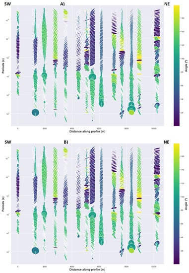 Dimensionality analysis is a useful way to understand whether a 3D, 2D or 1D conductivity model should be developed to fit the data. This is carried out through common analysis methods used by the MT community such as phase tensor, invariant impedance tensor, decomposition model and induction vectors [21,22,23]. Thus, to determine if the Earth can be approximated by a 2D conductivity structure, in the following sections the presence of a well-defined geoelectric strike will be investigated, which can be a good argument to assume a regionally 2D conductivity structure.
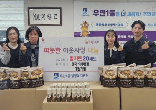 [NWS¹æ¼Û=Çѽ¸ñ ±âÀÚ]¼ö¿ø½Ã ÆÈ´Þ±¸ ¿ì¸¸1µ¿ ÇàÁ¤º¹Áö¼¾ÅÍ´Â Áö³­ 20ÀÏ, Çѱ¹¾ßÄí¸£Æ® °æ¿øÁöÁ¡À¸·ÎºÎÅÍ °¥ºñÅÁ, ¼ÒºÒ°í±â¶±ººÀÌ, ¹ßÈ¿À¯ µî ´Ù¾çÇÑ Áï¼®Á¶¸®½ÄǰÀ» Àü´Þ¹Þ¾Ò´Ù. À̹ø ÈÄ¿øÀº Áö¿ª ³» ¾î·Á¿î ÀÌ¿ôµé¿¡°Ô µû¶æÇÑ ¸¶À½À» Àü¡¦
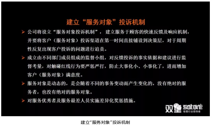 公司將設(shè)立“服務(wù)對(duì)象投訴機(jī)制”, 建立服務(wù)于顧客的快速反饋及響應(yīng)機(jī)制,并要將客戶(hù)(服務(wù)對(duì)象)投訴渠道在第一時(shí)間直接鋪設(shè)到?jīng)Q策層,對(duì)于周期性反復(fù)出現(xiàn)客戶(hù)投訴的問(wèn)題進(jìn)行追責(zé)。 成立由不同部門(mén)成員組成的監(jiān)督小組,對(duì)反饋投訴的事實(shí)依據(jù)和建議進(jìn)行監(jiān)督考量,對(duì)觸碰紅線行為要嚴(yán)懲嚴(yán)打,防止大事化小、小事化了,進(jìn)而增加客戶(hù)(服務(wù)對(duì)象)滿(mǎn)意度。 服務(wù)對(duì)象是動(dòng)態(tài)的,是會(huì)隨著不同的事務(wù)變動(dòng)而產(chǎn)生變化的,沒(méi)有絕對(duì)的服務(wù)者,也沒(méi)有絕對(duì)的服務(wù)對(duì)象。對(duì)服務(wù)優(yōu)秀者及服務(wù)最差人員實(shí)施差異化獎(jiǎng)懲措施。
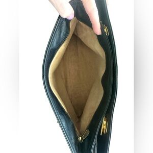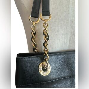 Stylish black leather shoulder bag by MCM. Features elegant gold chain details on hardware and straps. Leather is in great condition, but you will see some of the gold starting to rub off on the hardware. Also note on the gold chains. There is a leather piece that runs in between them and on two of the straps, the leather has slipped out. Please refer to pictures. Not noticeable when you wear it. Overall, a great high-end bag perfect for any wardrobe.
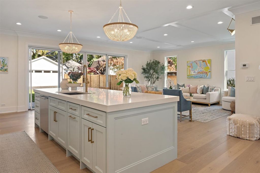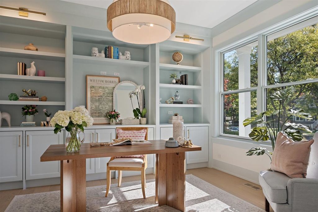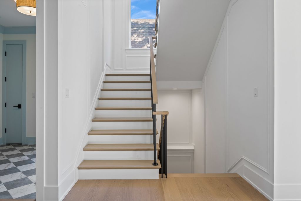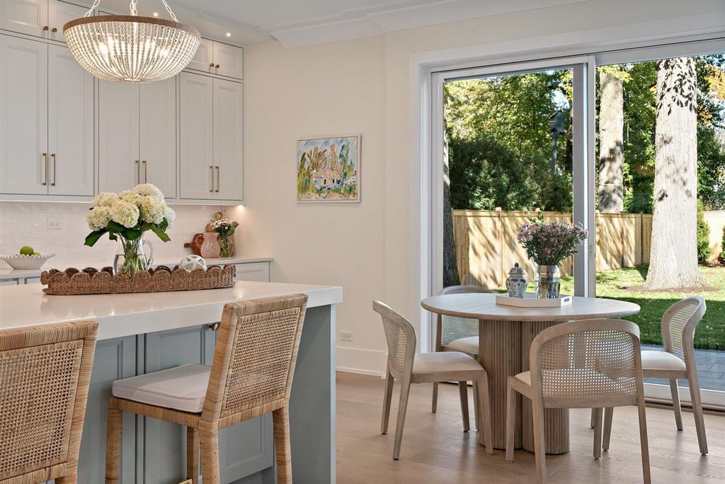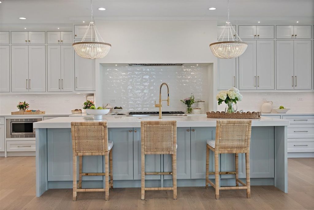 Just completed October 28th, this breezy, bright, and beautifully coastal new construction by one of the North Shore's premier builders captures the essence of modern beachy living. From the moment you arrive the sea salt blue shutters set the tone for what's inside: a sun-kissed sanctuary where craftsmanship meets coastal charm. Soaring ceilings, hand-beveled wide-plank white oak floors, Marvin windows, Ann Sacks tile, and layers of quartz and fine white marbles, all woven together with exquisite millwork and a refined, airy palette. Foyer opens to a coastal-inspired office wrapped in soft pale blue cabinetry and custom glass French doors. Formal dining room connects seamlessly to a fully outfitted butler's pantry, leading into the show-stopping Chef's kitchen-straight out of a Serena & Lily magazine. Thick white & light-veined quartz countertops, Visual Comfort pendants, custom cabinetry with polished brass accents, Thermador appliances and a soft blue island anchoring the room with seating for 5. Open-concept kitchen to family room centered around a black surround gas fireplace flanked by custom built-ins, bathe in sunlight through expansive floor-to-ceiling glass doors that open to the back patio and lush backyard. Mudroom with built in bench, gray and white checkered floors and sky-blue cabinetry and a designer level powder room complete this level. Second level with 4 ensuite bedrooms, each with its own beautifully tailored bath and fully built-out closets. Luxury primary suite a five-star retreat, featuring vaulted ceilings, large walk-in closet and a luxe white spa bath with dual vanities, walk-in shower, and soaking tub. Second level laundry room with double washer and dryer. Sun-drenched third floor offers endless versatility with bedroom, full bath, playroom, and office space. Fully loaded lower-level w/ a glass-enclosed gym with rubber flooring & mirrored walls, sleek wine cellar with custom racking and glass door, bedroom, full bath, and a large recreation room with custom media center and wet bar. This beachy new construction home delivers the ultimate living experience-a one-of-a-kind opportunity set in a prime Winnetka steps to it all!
* * *
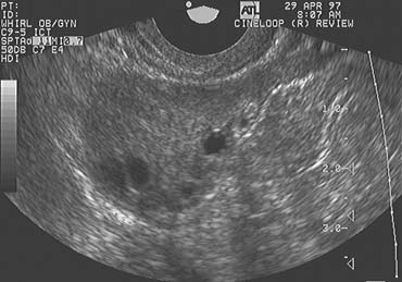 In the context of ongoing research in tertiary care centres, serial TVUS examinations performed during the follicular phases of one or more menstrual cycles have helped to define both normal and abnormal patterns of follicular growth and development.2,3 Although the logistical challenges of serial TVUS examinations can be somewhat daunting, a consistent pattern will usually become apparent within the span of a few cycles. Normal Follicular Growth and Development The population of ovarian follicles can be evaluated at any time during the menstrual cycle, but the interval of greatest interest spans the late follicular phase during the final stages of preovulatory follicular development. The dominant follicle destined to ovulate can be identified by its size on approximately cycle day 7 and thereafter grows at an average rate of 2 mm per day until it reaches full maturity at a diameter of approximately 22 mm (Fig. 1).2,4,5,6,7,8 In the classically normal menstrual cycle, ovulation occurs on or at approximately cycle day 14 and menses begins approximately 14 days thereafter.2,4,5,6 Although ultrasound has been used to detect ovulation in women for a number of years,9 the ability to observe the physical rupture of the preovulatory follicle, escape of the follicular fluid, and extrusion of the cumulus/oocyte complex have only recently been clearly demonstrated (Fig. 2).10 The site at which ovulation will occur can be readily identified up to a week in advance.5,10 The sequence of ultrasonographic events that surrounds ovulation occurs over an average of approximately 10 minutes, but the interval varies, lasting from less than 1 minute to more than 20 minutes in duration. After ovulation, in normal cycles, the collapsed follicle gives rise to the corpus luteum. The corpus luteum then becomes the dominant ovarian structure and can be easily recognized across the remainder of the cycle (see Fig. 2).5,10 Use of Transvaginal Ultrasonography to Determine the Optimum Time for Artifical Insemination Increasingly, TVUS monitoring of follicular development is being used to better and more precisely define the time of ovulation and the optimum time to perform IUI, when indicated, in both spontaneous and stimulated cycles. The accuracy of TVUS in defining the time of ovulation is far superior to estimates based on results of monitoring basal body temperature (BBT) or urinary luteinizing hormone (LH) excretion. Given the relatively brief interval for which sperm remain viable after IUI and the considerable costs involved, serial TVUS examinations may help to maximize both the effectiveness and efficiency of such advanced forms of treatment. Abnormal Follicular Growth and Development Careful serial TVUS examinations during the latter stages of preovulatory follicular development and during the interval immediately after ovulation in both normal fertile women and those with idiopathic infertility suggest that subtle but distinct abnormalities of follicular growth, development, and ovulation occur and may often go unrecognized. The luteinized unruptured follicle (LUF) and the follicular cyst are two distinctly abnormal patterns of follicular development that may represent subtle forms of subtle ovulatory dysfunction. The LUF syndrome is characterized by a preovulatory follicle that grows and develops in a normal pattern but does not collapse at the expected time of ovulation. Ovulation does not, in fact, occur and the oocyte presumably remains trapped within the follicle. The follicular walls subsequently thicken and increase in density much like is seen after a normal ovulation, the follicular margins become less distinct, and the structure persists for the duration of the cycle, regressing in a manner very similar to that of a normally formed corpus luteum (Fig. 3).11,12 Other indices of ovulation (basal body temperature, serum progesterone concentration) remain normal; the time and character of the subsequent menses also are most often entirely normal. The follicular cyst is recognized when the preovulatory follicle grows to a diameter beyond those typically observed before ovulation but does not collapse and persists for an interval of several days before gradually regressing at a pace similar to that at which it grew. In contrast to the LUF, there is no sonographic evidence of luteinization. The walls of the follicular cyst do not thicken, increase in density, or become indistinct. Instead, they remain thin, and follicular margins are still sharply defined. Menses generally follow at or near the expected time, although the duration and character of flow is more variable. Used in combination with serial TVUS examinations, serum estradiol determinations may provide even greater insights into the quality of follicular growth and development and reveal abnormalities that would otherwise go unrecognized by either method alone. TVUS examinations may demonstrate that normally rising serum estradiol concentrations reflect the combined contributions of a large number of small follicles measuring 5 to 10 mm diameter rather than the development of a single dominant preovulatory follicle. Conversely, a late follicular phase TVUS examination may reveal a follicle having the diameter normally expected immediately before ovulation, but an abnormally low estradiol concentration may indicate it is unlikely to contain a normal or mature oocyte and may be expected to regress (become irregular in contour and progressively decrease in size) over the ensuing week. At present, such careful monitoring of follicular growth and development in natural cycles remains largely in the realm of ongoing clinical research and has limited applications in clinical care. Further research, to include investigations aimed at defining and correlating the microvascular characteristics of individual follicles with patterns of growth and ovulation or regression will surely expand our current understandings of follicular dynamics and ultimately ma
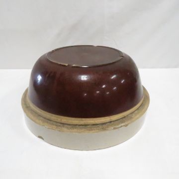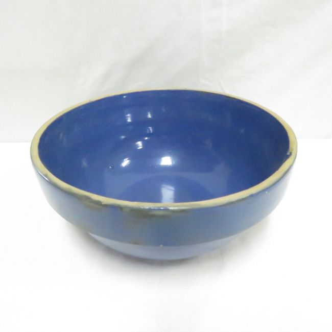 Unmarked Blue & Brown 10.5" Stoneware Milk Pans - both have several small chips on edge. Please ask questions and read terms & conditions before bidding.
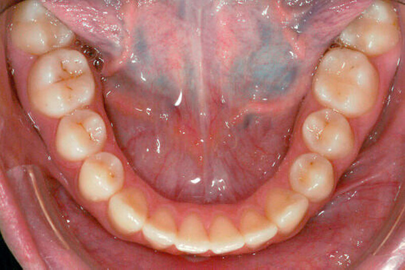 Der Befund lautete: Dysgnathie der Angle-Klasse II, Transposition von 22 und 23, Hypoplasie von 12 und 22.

• Problem requirements
Using the data above, retype exactly the lines from the line with "Dimensionality analysis is" to the line with "Stylish black leather", inclusive. No pictures and nothing else.

• Result below
 Dimensionality analysis is a useful way to understand whether a 3D, 2D or 1D conductivity model should be developed to fit the data. This is carried out through common analysis methods used by the MT community such as phase tensor, invariant impedance tensor, decomposition model and induction vectors [21,22,23]. Thus, to determine if the Earth can be approximated by a 2D conductivity structure, in the following sections the presence of a well-defined geoelectric strike will be investigated, which can be a good argument to assume a regionally 2D conductivity structure.
 [NWS¹æ¼Û=Çѽ¸ñ ±âÀÚ]¼ö¿ø½Ã ÆÈ´Þ±¸ ¿ì¸¸1µ¿ ÇàÁ¤º¹Áö¼¾ÅÍ´Â Áö³­ 20ÀÏ, Çѱ¹¾ßÄí¸£Æ® °æ¿øÁöÁ¡À¸·ÎºÎÅÍ °¥ºñÅÁ, ¼ÒºÒ°í±â¶±ººÀÌ, ¹ßÈ¿À¯ µî ´Ù¾çÇÑ Áï¼®Á¶¸®½ÄǰÀ» Àü´Þ¹Þ¾Ò´Ù. À̹ø ÈÄ¿øÀº Áö¿ª ³» ¾î·Á¿î ÀÌ¿ôµé¿¡°Ô µû¶æÇÑ ¸¶À½À» Àü¡¦
 公司將設(shè)立“服務(wù)對(duì)象投訴機(jī)制”, 建立服務(wù)于顧客的快速反饋及響應(yīng)機(jī)制,并要將客戶(hù)(服務(wù)對(duì)象)投訴渠道在第一時(shí)間直接鋪設(shè)到?jīng)Q策層,對(duì)于周期性反復(fù)出現(xiàn)客戶(hù)投訴的問(wèn)題進(jìn)行追責(zé)。 成立由不同部門(mén)成員組成的監(jiān)督小組,對(duì)反饋投訴的事實(shí)依據(jù)和建議進(jìn)行監(jiān)督考量,對(duì)觸碰紅線行為要嚴(yán)懲嚴(yán)打,防止大事化小、小事化了,進(jìn)而增加客戶(hù)(服務(wù)對(duì)象)滿(mǎn)意度。 服務(wù)對(duì)象是動(dòng)態(tài)的,是會(huì)隨著不同的事務(wù)變動(dòng)而產(chǎn)生變化的,沒(méi)有絕對(duì)的服務(wù)者,也沒(méi)有絕對(duì)的服務(wù)對(duì)象。對(duì)服務(wù)優(yōu)秀者及服務(wù)最差人員實(shí)施差異化獎(jiǎng)懲措施。
 Stylish black leather shoulder bag by MCM. Features elegant gold chain details on hardware and straps. Leather is in great condition, but you will see some of the gold starting to rub off on the hardware. Also note on the gold chains. There is a leather piece that runs in between them and on two of the straps, the leather has slipped out. Please refer to pictures. Not noticeable when you wear it. Overall, a great high-end bag perfect for any wardrobe.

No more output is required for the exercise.